Очутившись именно там, где и требовалось, разведчик прошмыгнул под маскировочную сеть и спрятался за ней, чтобы скрыться из виду и одновременно исследовать место на предмет верности своих предположений. Сама минометная батарея открылась перед ним не сразу. Егор уже начал волноваться из-за того, что нашел склад с боеприпасами, но так и не увидел минометов, но солдатская смекалка пришла к нему на выручку, подсказав, что искать минометы надо где-то поблизости. Он приподнял голову из-под укрывавшей ящики с минами сети и обратил внимание на растущие в ближайшем овраге деревца, кроны которых вполне могли дополнительно маскировать то, что было под ними.
Егор выбрался из своего укрытия и приподнялся над обнаруженным им оврагом. Минометы стояли именно в нем, внизу, на самом дне и не были видны над поверхностью земли. Они были зачехлены, а рядом ходил взад-вперед часовой. В стороне были заметны входы в землянки для личного состава и вероятный пункт связи, к которому подходили телефонные провода. Разведчик удовлетворенно кивнул сам себе. Задание можно было считать выполненным, оставалось только привести в действие дымовую шашку и начать убираться от этого места прочь, пока артиллерия родного полка не накрыла это место.
Рука Егора скользнула прямиком в сухарную сумку, что по обыкновению своему немецкие солдаты носили на ремне позади всей остальной амуниции. Вопреки ожиданию, та оказалась пуста. Боец занервничал, по его спине пробежал холодок, дыхание участилось. Он подтянул к себе пустую сухарную сумку и убедился в отсутствии в ней припасенной дымовой шашки, в которой он сейчас нуждался для успешного завершения рейда в глубину вражеских укреплений.

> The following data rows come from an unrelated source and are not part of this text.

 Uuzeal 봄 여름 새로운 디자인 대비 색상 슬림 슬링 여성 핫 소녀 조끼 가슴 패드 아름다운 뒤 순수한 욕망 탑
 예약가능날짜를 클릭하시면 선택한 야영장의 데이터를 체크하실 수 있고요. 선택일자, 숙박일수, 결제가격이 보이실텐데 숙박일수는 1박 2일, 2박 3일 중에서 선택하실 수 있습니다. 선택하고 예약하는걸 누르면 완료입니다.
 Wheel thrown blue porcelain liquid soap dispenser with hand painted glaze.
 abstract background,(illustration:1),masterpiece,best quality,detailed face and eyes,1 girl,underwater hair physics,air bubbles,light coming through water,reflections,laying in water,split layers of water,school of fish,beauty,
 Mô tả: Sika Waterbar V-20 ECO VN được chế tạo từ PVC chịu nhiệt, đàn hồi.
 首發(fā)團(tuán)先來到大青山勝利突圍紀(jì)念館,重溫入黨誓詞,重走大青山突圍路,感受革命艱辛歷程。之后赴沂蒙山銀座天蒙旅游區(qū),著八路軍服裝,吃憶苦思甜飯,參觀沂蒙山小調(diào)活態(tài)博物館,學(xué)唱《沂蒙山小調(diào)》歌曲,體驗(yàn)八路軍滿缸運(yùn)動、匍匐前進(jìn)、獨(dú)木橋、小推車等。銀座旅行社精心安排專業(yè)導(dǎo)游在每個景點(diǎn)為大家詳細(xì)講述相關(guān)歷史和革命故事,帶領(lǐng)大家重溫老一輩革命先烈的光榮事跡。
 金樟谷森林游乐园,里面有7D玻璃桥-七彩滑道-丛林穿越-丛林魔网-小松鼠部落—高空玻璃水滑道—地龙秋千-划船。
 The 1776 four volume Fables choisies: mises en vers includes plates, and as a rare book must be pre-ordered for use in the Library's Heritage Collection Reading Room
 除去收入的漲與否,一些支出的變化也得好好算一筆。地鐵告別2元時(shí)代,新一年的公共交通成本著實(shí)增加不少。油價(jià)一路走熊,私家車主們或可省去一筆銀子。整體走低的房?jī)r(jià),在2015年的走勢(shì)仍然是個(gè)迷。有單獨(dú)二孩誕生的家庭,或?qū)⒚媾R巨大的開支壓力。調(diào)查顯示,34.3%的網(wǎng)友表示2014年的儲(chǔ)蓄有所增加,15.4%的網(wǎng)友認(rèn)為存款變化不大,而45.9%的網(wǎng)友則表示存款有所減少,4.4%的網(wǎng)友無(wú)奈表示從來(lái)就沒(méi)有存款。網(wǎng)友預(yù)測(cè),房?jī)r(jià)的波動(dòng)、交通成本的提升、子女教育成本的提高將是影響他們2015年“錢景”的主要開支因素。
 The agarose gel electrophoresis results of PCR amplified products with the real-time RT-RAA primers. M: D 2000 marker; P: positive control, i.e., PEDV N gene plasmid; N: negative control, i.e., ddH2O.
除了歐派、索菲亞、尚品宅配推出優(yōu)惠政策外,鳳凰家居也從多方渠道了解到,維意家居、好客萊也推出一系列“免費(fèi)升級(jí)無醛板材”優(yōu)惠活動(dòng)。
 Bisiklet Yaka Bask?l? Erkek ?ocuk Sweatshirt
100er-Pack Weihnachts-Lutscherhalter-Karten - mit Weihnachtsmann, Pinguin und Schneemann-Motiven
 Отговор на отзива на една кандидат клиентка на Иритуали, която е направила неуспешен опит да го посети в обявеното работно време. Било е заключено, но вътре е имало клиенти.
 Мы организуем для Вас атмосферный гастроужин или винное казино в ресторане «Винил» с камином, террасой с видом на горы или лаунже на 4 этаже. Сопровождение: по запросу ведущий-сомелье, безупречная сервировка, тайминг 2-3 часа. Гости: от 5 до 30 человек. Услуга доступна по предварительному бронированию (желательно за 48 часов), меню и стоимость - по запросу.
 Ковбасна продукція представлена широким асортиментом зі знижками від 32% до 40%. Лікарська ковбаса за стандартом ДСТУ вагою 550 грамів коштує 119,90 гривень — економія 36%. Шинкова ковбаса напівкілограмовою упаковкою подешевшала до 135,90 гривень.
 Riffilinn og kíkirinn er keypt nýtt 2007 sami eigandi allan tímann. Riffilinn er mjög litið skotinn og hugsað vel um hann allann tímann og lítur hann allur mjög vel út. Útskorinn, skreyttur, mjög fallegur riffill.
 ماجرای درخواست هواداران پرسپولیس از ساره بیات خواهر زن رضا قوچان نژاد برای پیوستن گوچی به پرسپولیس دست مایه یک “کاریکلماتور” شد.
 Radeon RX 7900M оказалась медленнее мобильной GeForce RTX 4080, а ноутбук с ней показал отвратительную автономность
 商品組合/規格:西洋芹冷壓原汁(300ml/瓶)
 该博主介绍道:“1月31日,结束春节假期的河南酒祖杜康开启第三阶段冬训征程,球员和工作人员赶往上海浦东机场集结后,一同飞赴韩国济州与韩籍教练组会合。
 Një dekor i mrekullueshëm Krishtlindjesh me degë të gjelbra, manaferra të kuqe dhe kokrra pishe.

– Нет! Не может быть! – шепотом произнес Егор. Парня вдруг бросило в жар.
Он не мог поверить, что где-то потерял самую необходимую сейчас для него вещь. Он судорожно хлопал руками по карманам, хватаясь за нож, что был на поясном ремне, за кобуру с трофейным «вальтером», с которым почти не расставался, за рифленые тела ручных гранат в карманах штанов. Дымовой шашки нигде не было!
Егор понял, что остался без нее и теперь должен найти выход из сложившейся ситуации. Помощи ждать было неоткуда. Он был один. А приказ никто ему не отменял. Поставленную командованием задачу нужно выполнить любой ценой. К тому же его стало одолевать чувство вины перед только что погибшим Клюевым, отдавшим свою жизнь прежде всего для того, чтобы прикрыть дальнейшие действия своего командира. Тот отвлек на себя внимание гитлеровцев, уже начавших, в свою очередь, искать двух ряженых солдат-связистов, появление которых в собственных траншеях предшествовало нанесению со стороны позиций Красной Армии внезапного и точного артиллерийского удара, уничтожившего целое подразделение.
Единственное, что пришло на ум Егору в эту минуту, было решение броситься с гранатами к землянке с личным составом минометной батареи, уничтожить его, предварительно застрелив часового. А уже потом, используя вторую гранату, попытаться взорвать склад с минами, но при этом погибнуть самому, не успев покинуть опасную зону.